Change in anastomotic practice due to COVID‐19

Data were collected on the intraoperative decision on stoma formation. Where patients had a stoma, surgeons were asked if this was their ‘normal practice’ or a ‘change in practice due to COVID‐19’. The group with a stoma created as a change in practice were labelled ‘COVID‐end‐stoma’ or ‘COVID‐defunctioning‐stoma’ for tables and analyses. If the patient had a stoma formed and the surgeon indicated a ‘change in practice due to COVID‐19’, they were asked to list all the reasons that applied to that case for this change (Figure S1).

Prepandemic data

Prepandemic data on colorectal cancer surgery were obtained from published European Society of Coloproctology (ESCP) 2015 Right Hemicolectomy Audit [19, 20, 21] and the 2017 Left Colon, Sigmoid and Rectal Resections Audit [18, 22] Data. Data from 5792 patients from 54 countries undergoing segmental resection for a colonic or rectal cancer were used for comparison with the equivalent cohort undergoing surgery during the pandemic. These data provided a contemporaneous and detailed comparison of case selection and outcomes during the pandemic and prepandemic periods.

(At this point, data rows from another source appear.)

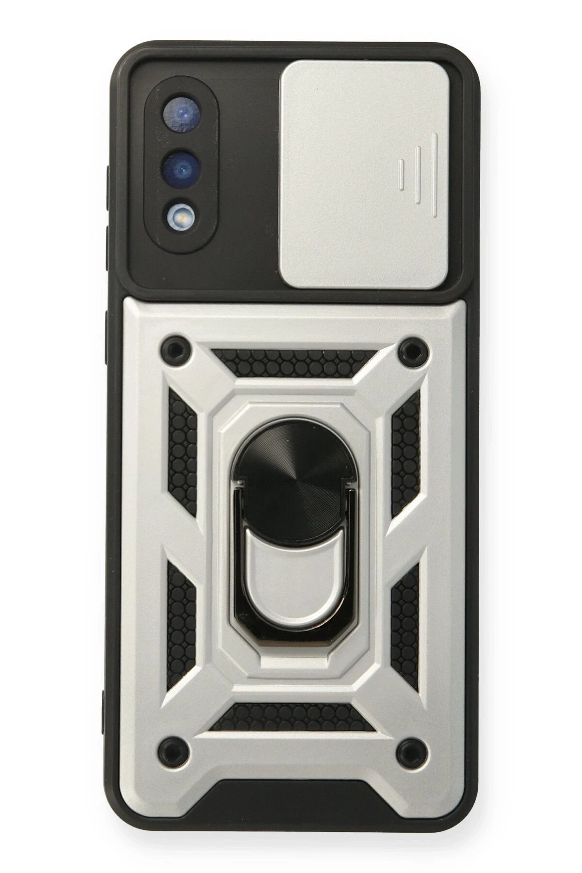 Samsung Galaxy A02 Kılıf Pars Lens Yüzüklü Silikon – Gümüş-(5796)
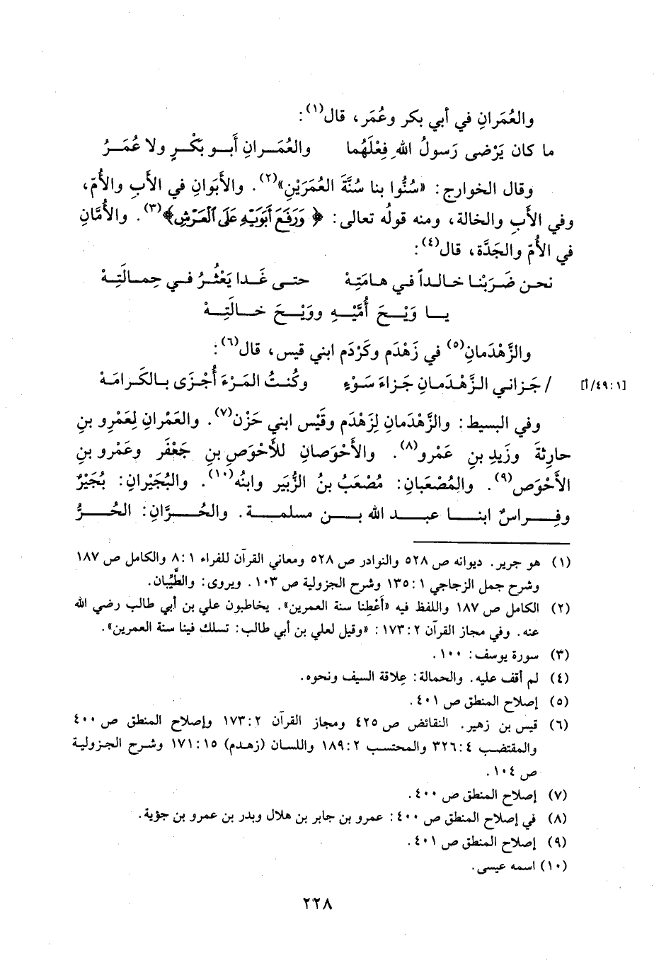 وفي البسيط: والزهدمان لزهدم وقيس ابني حزن. والعمران لعمرو بن حارثة وزيد بن عمرو. والأحوصان للأحوص بن جعفر وعمرو بن الأحوص. والمصعبان: مصعب بن الزبير وابنه. والبجيران: بجير وفراس ابنا عبد الله بن مسلمة. والحران: الحر
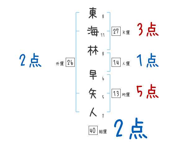 地運![]() | 東海林早矢人さんの地運は13画の5つ星!才能に恵まれ人気がある。名声を手に入れる。円満な人生。 個性を表す基礎的な運勢です。性格形成や対人関係、行動力など家庭環境に影響されます。主に誕生してから20歳くらいまでの若年期の運勢を表します。 |
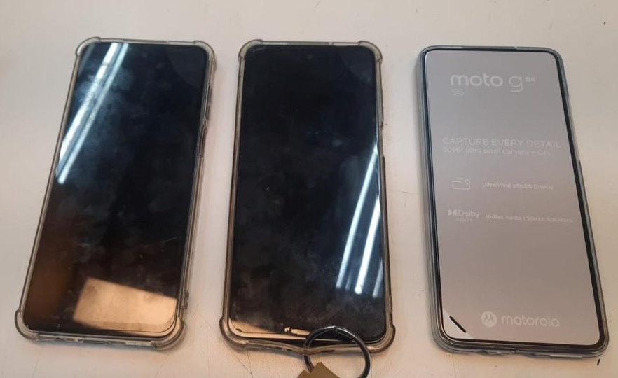Na busca pessoal, os militares encontraram em seu bolso um aparelho celular pertencente ao estabelecimento. Além disso, outros dois celulares já estavam separados sobre o balcão, prontos para serem levados.
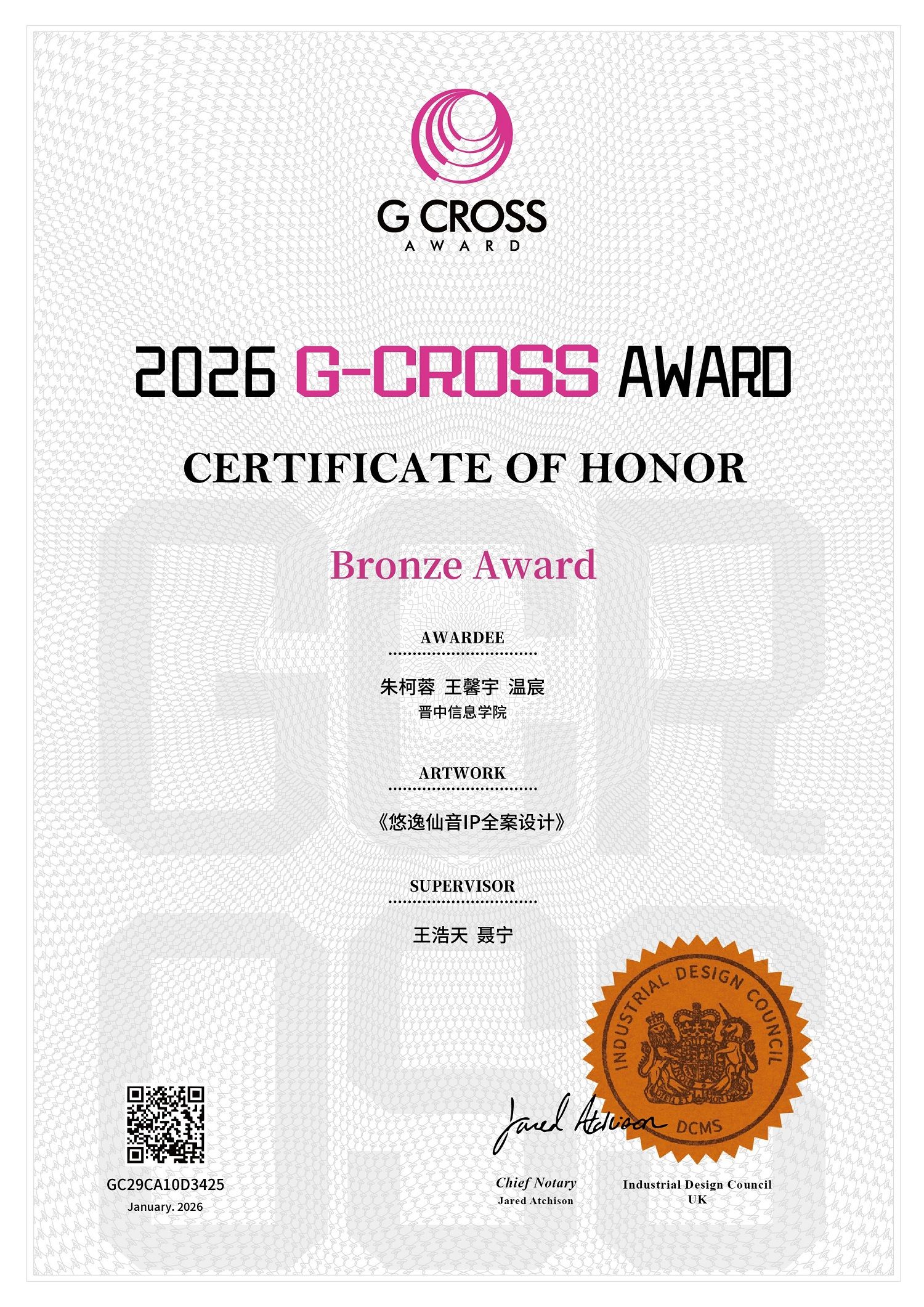 近日,2026G-CROSS国际创意奖获奖名单揭晓,晋中信息学院杏花书院朱柯蓉、王馨宇、温宸的作品《悠逸仙音IP全案设计》,在全球众多参赛作品中脱颖而出,荣获国际级铜奖。杏花书院聂宁、王浩天两位老师获优秀指导教师荣誉称号。

Data were not presented in these studies for total or subtotal colectomy, so no comparison was made with these operation types. TNM staging data were not available from the 2015 Right Hemicolectomy Audit and therefore comparison was not made in that field.

Statistical analysis

The study was conducted according to guidelines set by the STROBE (Strengthening the Reporting of Observational Studies in Epidemiology) statement for observational studies [23]. The chi‐square test was used to compare differences in categorical data apart from when cell sizes were small, when Fisher's exact tests were used. Continuous nonparametric data are presented as medians and interquartile ranges and median differences between groups were compared using the Mann–Whitney U‐test. Missing data are included in summary tables.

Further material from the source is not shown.